What external factors impact your business? The answer to this question can quickly balloon out of proportion so be sure to set a scope from the beginning of how many degrees out you feel it’s appropriate to measure.
Once you have the scope set, then you should be able to narrow down the markets that most impact your business.
To measure the health of markets different metrics are used by different industries so be sure to research what the standard industry metrics are for a given industry. You can then compare these standard metrics to your business and examine how they have historically impacted your firm. Many times, a strong correlation won’t be visible when compared to your firm’s total revenue so be sure to check this against the appropriate business units. Another thing to control for when checking these correlations is the changing structure of your firm and the resources available to revenue generation.
After completing this process, you should be left with a group of market metrics for various markets that impact your business.
There are many ways you can source the data for your project and we have listed a few of the most common below. Since very few companies operate exactly like the standard firm in their industry, some data may not be available through traditional sources. This is typically where the primary data generation services of a research firm come into play but it is possible to do this with internal resources if they are available.
Surveys Interviews Focus Groups Social Media Public Data Sets Competitor Sources Private Data Sets Industry Sources
A first-pass analysis before MI data is distributed throughout the firm is critical to the efficiency of the project. This is where key trends and insights are distilled, and the messaging is crafted. It is important to identify your audience at this stage and adjust your messaging accordingly.
Compiling the analysis and data in a way that is easily usable to individual functional groups is critical. Data visualization plays a big role here as graphics are able to better communicate complex data than lengthy reports. It is also common for firms to create multiple dashboards out of the data that are tailored to specific functional groups.
We are a big believer in distributing market intelligence throughout your firm as it empowers strategic thinking throughout the organization.
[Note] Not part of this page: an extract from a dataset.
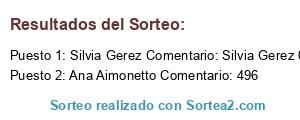 - Ganador 1: Silvia Gerez Comentario: Silvia Gerez 067 quiero ganar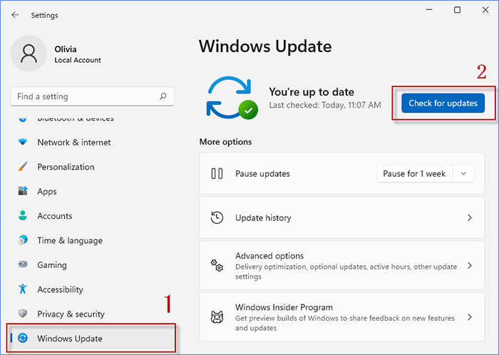 第 2 步:选择Windows更新并单击“检查更新”。

This can have multiple benefits as front-line employees begin to make decisions that more regularly align with the corporate goals. Distribution should occur through channels that are easy for employees to access whenever necessary. Most of the information gathered is specifically useful to your firm and is comprised of primarily public (or readily accessible) data sources, it is advised that accessibility and usability be prioritized over access controls.
We have found that dashboards are the most effective way to communicate this type of information. They allow for updates to be pushed simultaneously to all users, they are always readily available, and they communicate the information in an easy to understand graphical way.
It is important to include an explanation of the data to users to ensure everyone is on the same page when it comes to interpreting it. This education component is often overlooked but it is simple to implement and vastly reduces miscommunication errors.
Once gathered, the data should NOT remain static. Markets are constantly evolving, and new data and events are occurring continuously. Setting update intervals from the beginning helps ensure your market intelligence program remains applicable.
Keeping track of changes in the metrics and alerting users is another key task that should be set up from the start. This is where continued trend analysis can deliver on the promises of the project.